Security through obscurity1 is not working. This is not an allegation, it is a proven fact. Today’s proof has a particularly large impact on worldwide Microsoft Windows installations.
The Windows Security Centre (WSC) API2 has been made to accept any program as an anti-virus solution. The WSC works as follows: If a manufacturer of an AV security solution wants to install his snakeoil, he/she first has to be able to switch off the anti-tempering mechanisms so that it is not identified as malware. Hence the extremely strict non-disclosure of this API until now.
Now anyone with local admin rights can deactivate Windows Defender, at least until the next reboot. A few more steps are necessary to achieve persistence. A service is required, a regular keepalive timestamp must be written into the registry and a few more other steps. However, if, for example, defendnot is re-executed via the task scheduler on every restart, Windows Defender is effectively switched off.
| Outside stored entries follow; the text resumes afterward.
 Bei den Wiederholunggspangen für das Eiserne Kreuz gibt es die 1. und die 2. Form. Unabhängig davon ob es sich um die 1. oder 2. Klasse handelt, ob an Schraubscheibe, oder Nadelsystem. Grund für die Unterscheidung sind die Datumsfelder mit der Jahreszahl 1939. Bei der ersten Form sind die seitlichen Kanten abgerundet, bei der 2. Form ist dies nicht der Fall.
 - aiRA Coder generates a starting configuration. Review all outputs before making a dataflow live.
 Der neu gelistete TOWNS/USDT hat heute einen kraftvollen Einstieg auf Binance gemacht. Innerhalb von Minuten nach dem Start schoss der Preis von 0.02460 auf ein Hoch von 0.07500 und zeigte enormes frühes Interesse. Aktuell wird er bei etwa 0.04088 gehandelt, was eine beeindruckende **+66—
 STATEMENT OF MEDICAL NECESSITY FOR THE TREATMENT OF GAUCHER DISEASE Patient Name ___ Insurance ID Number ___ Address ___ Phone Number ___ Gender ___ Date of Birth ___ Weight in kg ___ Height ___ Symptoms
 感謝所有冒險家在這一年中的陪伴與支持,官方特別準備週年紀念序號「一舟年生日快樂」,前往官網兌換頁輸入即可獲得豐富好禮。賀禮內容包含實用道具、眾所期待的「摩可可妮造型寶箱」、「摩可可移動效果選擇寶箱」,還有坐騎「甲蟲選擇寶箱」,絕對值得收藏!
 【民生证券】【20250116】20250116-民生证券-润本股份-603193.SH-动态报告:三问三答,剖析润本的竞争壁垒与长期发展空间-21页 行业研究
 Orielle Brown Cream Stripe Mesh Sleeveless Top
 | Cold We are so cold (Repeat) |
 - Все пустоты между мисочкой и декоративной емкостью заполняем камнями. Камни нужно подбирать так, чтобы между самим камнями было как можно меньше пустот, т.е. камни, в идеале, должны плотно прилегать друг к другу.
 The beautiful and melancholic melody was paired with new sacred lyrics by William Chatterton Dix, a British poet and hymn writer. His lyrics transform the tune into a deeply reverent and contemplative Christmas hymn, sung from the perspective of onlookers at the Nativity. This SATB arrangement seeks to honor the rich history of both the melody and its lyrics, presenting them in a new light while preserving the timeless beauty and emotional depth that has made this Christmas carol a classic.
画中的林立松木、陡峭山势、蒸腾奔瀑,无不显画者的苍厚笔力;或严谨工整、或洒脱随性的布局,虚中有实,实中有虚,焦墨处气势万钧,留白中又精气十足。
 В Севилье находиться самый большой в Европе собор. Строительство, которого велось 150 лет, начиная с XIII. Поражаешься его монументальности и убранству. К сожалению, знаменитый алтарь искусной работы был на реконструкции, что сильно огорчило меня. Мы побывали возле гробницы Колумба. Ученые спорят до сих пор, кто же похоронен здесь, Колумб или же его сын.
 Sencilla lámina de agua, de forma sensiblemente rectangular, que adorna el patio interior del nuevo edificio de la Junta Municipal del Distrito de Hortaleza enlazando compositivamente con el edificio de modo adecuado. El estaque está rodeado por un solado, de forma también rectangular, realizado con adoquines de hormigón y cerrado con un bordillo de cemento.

Defendnot is the successor to the no-defender3 presented last year, which still needed a DLL from a snakeoil manufacturer for this step. The solution was DCMA’d4 and made me to clone it on Codeberg5.
And of course there is a clone on Codeberg for the current defendnot as well6.
Microsoft now finds itself in a real dilemma. A short-term change to the WSC and the installation process for snakeoil is almost impossible. Security through obscurity does not work, it never has.